Suppose you think you are being asked for £10.23 & you have a £20 plus change, so you put in 23p then the note, only to be met by a cascade of change.
It turns out that you owed only £9.79 after the balance due was adjusted for the two-for-one offer you took advantage of.
Fortunately (for my temper at the end of a hard day), a checkout assistant to whom I moaned one day showed me how to find out the true total – just press Go Back at a certain point in the transaction.
But then another small mystery: sometimes the total remained unaltered, even though there was some kind of discounted purchase in my selection. All sorts of explanations went though my mind – might it actually reveal useful information about who (supplier or supermarket) was financing the offer? That would explain why it would go into a different column in the accounts.
I am disappointed to think that the explanation may after all be more mundane – a straightforward 25% off all clothing can be calculated as soon as the bar code is recognised by the computer: multi-buy offers can only be recognised after all items are tallied.
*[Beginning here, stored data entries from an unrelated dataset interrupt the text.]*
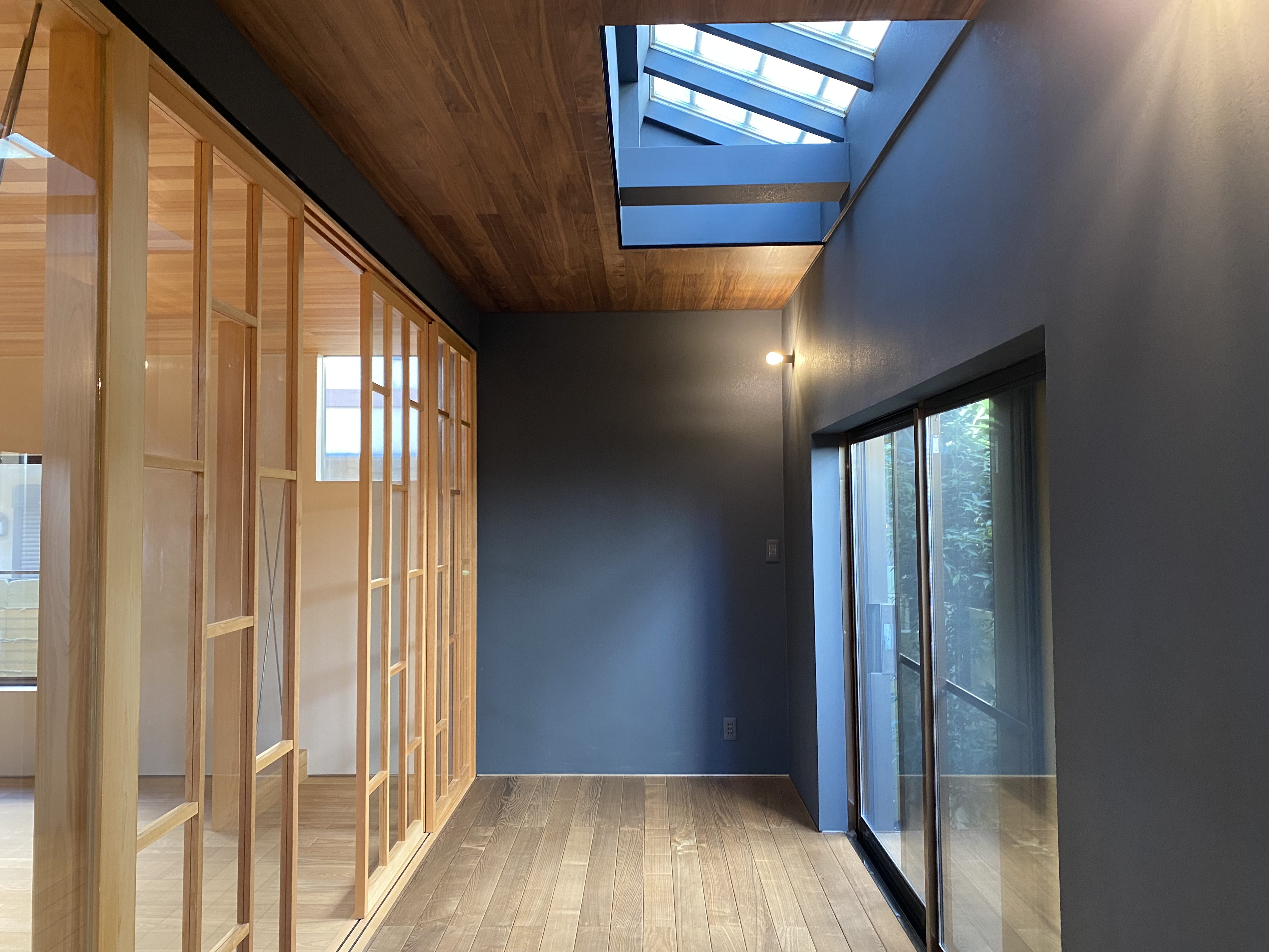 更巧妙的設計是,中庭和廚房外側的連廊,連接著房屋內、外。連廊上方還有天窗,增加了采光,使房間顯得通透、明亮,與寬大的落地窗相搭配,打開落地門窗便一眼可見院墻邊的翠竹,無論星晴雨雪,都可坐看云卷云舒。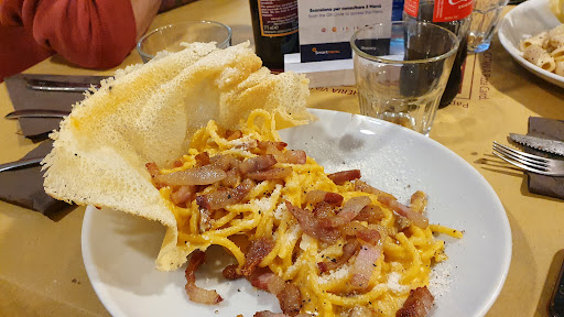 Read moreSono stato a mangiare di Sabato sera in questo locale insieme alla mia ragazza. Il posto era stracolmo ma nonostante tutto la nostra esperienza è stata incredibilmente positiva. Cucina: I piatti che abbiamo preso erano tutti ottimi, ricchi di sapore e ben presentati e soprattutto semplici, esattamente come dovrebbero essere i piatti di una buona trattoria tipica. Tra i piatti che abbiamo preso uno non è stato di mio gradimento, ovvero la Carbonara di Mare, ma non perché fosse fatta male in quanto era fatta benissimo, al dente con un'ottima cremina di uovo e pecorino e tanti frutti di mare. Semplicemente non era di mio gusto Servizio: questo è il punto più positivo in assoluto. I camerieri erano oberati di lavoro, letteralmente correvano per stare dietro alle comande. Tuttavia erano super responsivi e qualunque richiesta, che fosse una forchetta, dell'olio, del sale, del piccante veniva evasa in pochi secondi, neanche minuti, proprio secondi e con un sorriso ed una battuta di buon gusto. Addirittura è successo che l'abbacchio che abbiamo ordinato è arrivato crudo all'interno, ho chiamato la cameriera dicendole :" mi scusi, l'agnello andrebbe mangiato ben cotto" e lei senza battere ciglio " Lei ha assolutamente ragione, ci scusi, gliene porto un altro" ha preso il piatto e l'ha portato via. Il proprietario o il direttore di sala si è poi avvicinato dicendo che loro l'abbacchio lo servono un po' più rosa per evitare che diventi stopposo però che chiaramente abbiamo fatto bene a dirlo se fosse troppo crudo a nostro avviso. Ovviamente non ce l'hanno fatto pagare. Prezzo: unica stella in meno rispetto al massimo è data proprio da questo. So perfettamente che è aumentato il prezzo di tutto. Però visto che ciò che avevamo preso era comunque molto semplice ed economico, quindi i carciofi, i fagioli, le cotenne, l'agnello stesso e soprattutto che abbiamo preso solo 4 piatti, cioè due antipasti e poi abbiamo diviso un primo e diviso un secondo. Mi è sembrato esagerato pagare 55 euro in due, se il prezzo fosse stato intorno ai 20 euro a testa ci sarebbe stata anche la...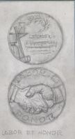 Labor et Honor Boceto a lápiz de las caras de una medalla representativa del trabajo y el honor, en donde en una de ellas se aprecia el apretón de manos como signo de acuerdo bajo la leyenda Labor et Honor.
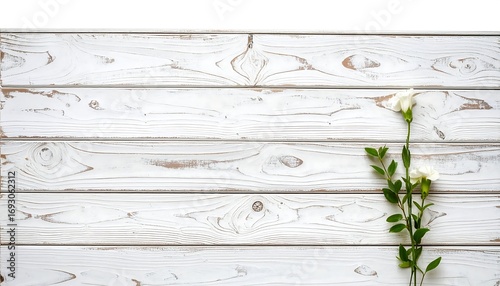Naklejka premium White wood planks with flowers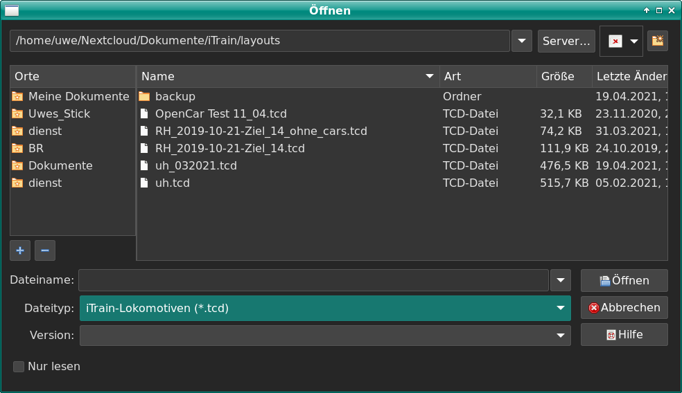 Die Liste kann unter Umständen sehr lang sein. Dann wählt Ihr Eure iTrain-tcd-Datei aus und klickt auf Öffnen.
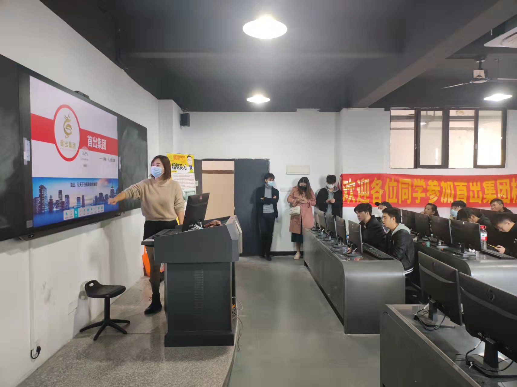 2021年12月2日上午,我院邀请广东首出网络科技有限公司前来校园进行宣讲招聘,本次宣讲主要面向20插本专业的学生。宣讲现场,首出集团面试官热烈欢迎各位同学的到来,鼓励各位同学踊跃参与面试、积极投递简历,为自己未来的职业规划选取一条适合自己的道路。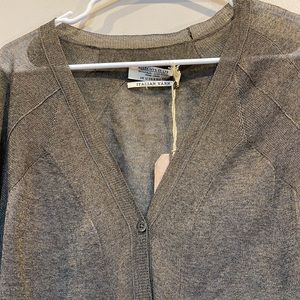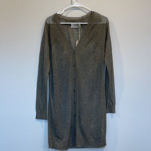 Elegant long cardigan. Button-up front. Soft and comfortable fabric. Perfect for layering.
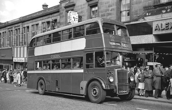 Central S.M.T. L294, CVD494, new in 1950, was a Leyland PD1A with a Northern Counties L27/26R body, one of nine delivered that year from a batch of twenty delivered between 1948 and 1950. It is seen in Quarry Street, Hamilton.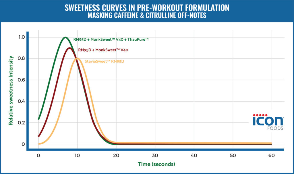 The above graph illustrates sweetness synergy—showing how Reb M alone is clean but narrow, Reb M + Monk fruit broadens the curve, and Reb M + Monk fruit + Thaumatin delivers the fullest, most sugar-like profile with lingering sweetness that masks caffeine/citrulline bitterness.
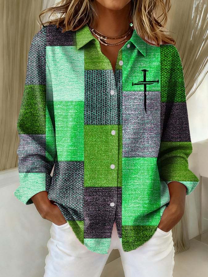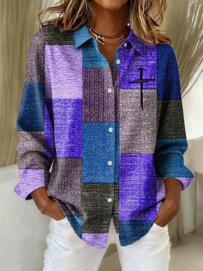 Women's Casual Autumn And Winter Retro Color Block Contrast Faith Shirt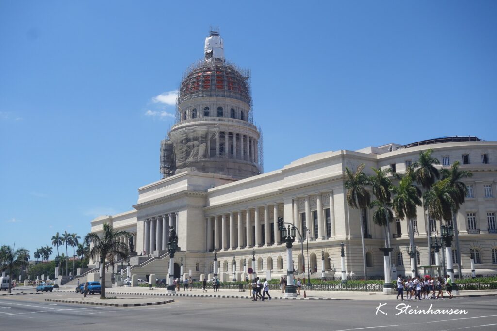 Das Kapitol – el Capitolio – ist das bekannteste Gebäude Havannas und groß, mächtig und ganz in weiß mit Ornamenten und einem Löwenkopf als Türklopfer aus Gold gehalten und ist ein wirklich tolles Gebäude um davor zu posen oder es auch einfach nur kurz zu bewundern. Ich weiß nicht, ob man rein kann, weil ich persönlich keinen Eingang gefunden habe. Dafür, dass man nicht rein kann, waren da aber sehr viele Menschen. Von daher tippe ich auf Tour.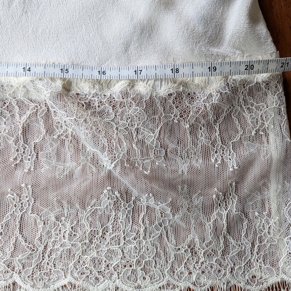 Versatile slip dress, especially for layering. The scalloped neckline, intricate lace trim, and drapey fabric make this light and pretty piece easy to work into your wardrobe. The fabric is soft and silky. Has adjustable straps.
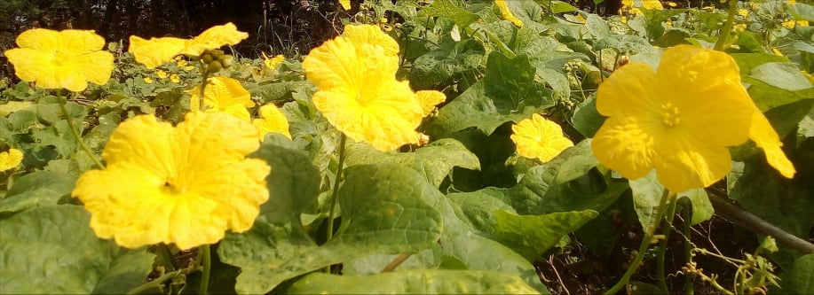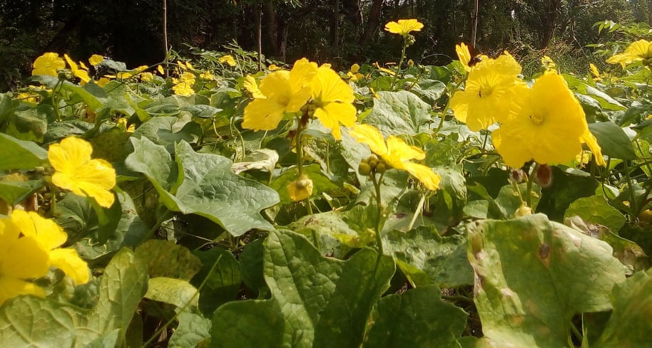 পাইকগাছায় মাচায় মাচায় শোভা পাচ্ছে পল্লার হলুদ ফুল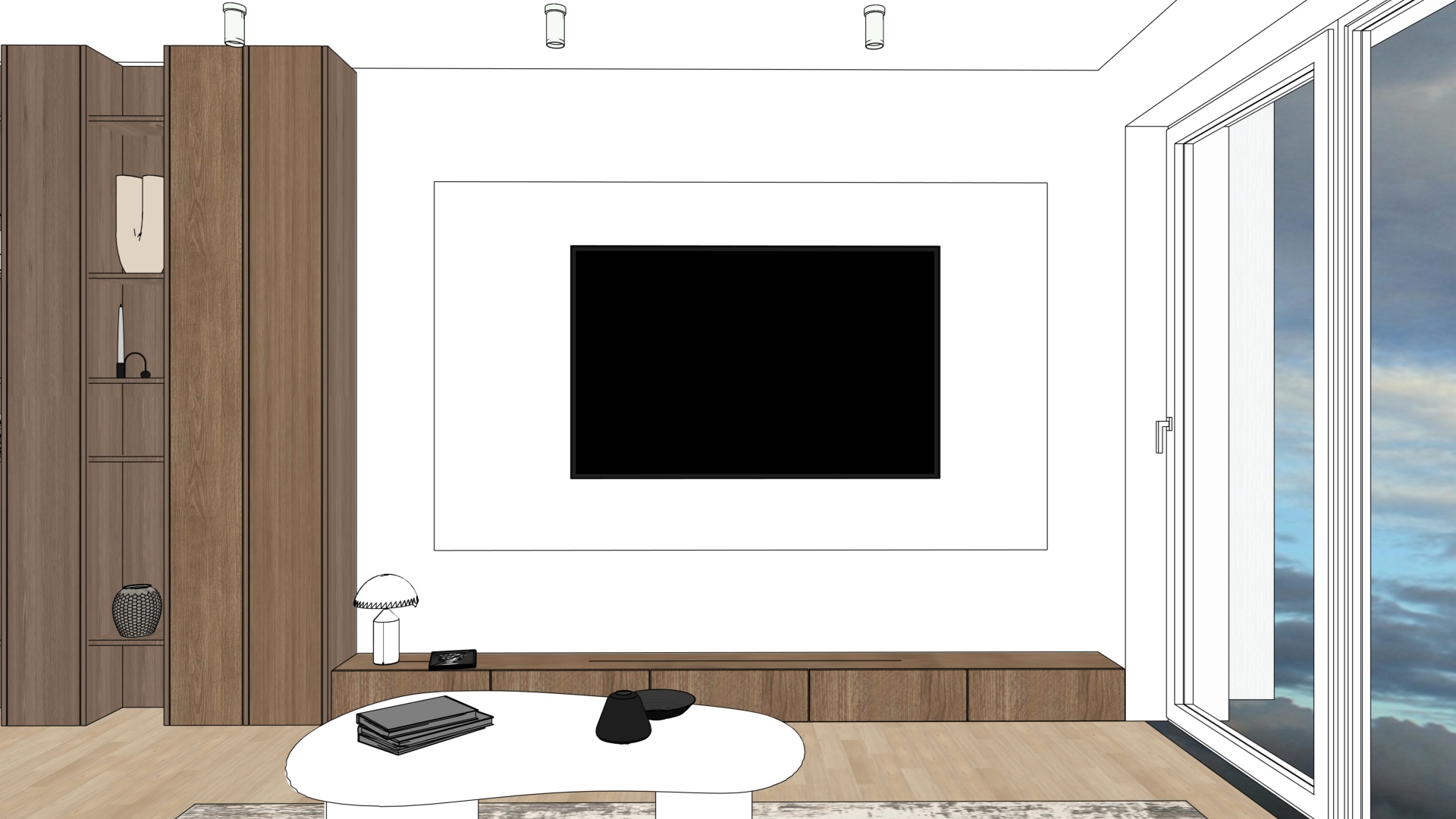 transform the input interior design photo into a hyper realistic architectural visualization of a contemporary modern interior preserve exact geometry layout proportions and material intent from the original design lighting create soft overcast daylight atmosphere similar to a cloudy rainy day without visible rain with diffused natural light entering through windows add warm artificial lighting from all lamps accent led backlighting behind the tv subtle ambient glow to enhance depth and spatial layering maintain balanced contrast no harsh shadows no overexposure materials textures enhance material realism micro details surface imperfections soft reflections accurate roughness physically correct light response emphasize textures wood grain fabric weave stone concrete metal and matte finishes high micro contrast and tactile depth rendering style ultra photorealistic architectural visualization cinematic quality natural color grading neutral tones soft highlights realistic global illumination physically based rendering high dynamic range premium interior photography style camera composition wide angle architectural lens natural perspective eye level viewpoint deep focus sharp details across the frame natural framing no distortion atmosphere calm elegant contemporary premium residential mood clean minimal refined without visual noise output 8k resolution ultra detailed noise free crisp edges professional architectural rendering quality negative prompts no rain droplets no lens flares no fog no haze no bloom no motion blur no cartoon no stylization no oversharpening no artificial glow no unrealistic reflections no distortion no clutter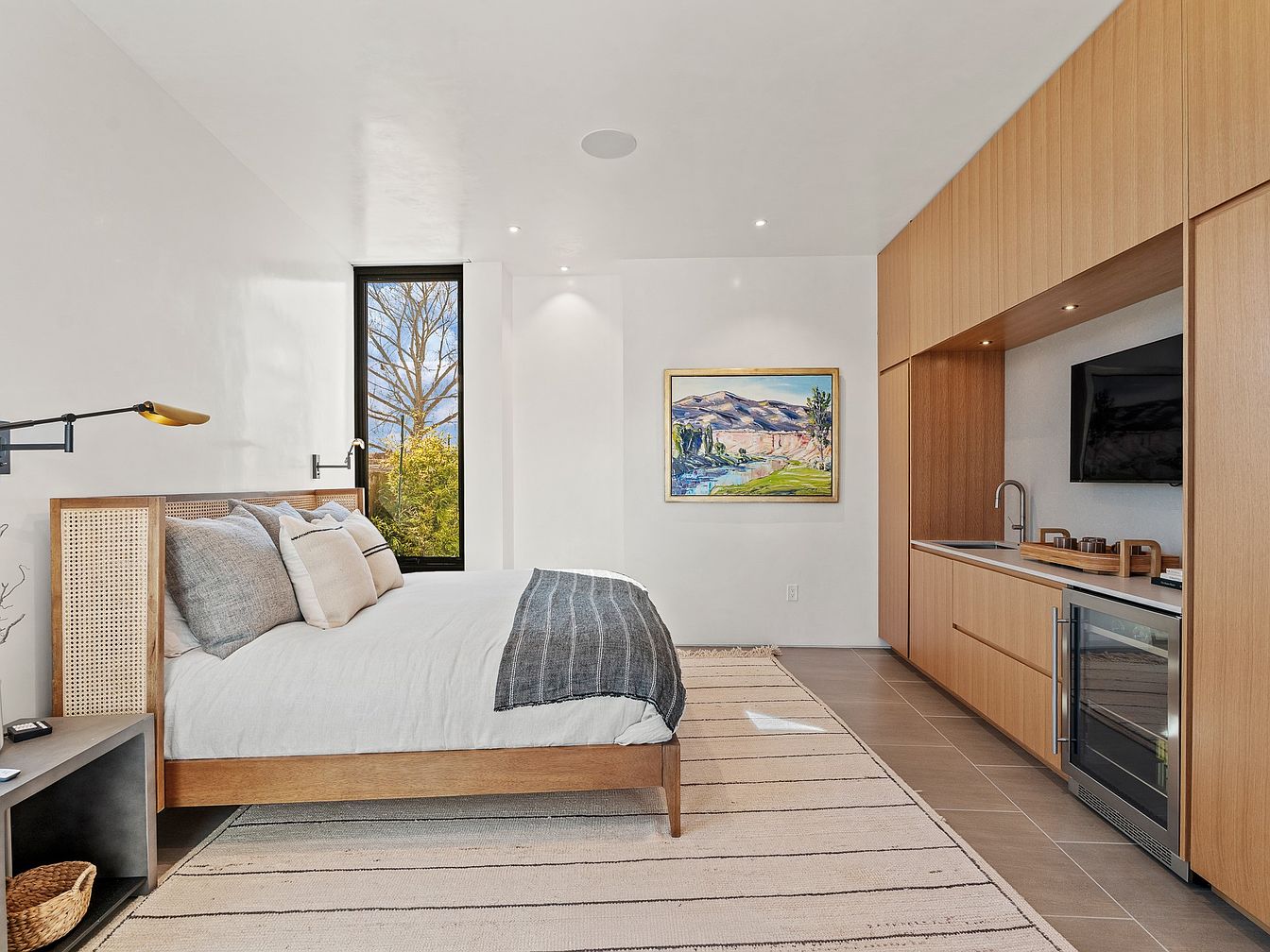 The space features a modern bedroom marked by minimalistic elegance. A wooden bed frame with woven headboard supports plush, layered pillows and a textured duvet. Adjacent, a sleek bedside table holds a stylish lamp. Natural light floods the room through a tall window, revealing a glimpse of trees outside, enhancing the serene atmosphere. The wall-mounted television complements the built-in cabinetry behind, showcasing consistent wood tones. A neutral color palette of whites and soft grays is accented by earthy textures. A cozy area rug adds warmth to the stone floor, creating an inviting and tranquil retreat.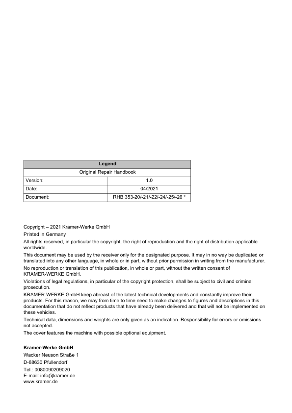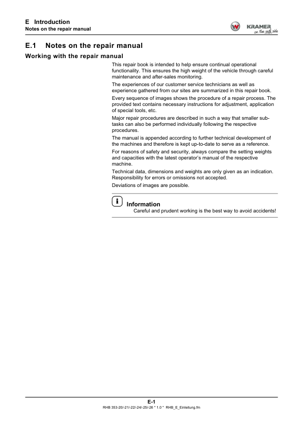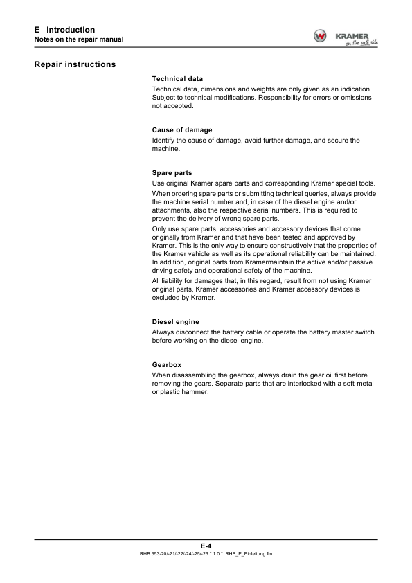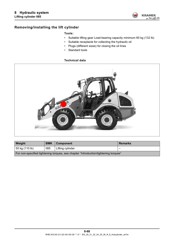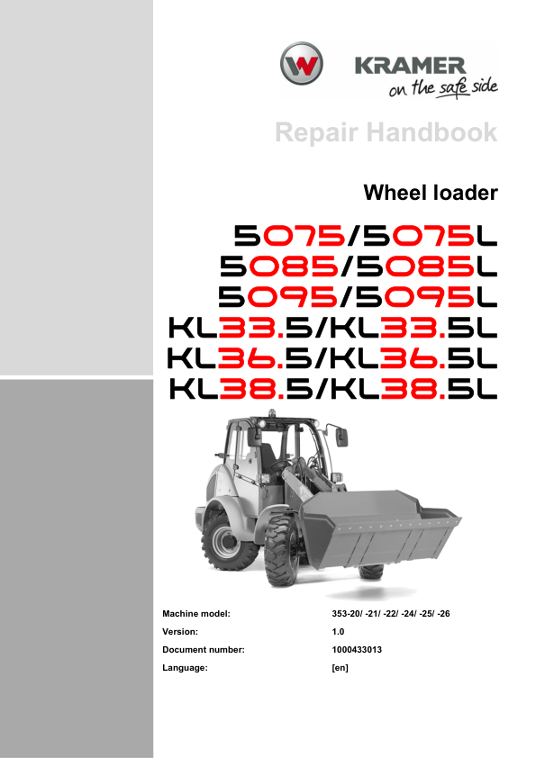 Kramer KL33.5 KL33.5L KL36.5 KL36.5L KL38.5 KL38.5L 5075 5075L 5085 5085L 5095 5095L Wheel Loaders Repair Manual

Still, at least I won’t be thinking about it any more.
Perhaps I should just get over this business with change completely & do what everybody else does, pay by plastic for everything. But that would be an awful lot more checking of accounts at the end of the month – especially as there seems to be an increasing number of scams which involve skimming off only small amounts from lots & lots of bills – the sort of sum which many people wouldn’t bother to report, even if they noticed it in the first place.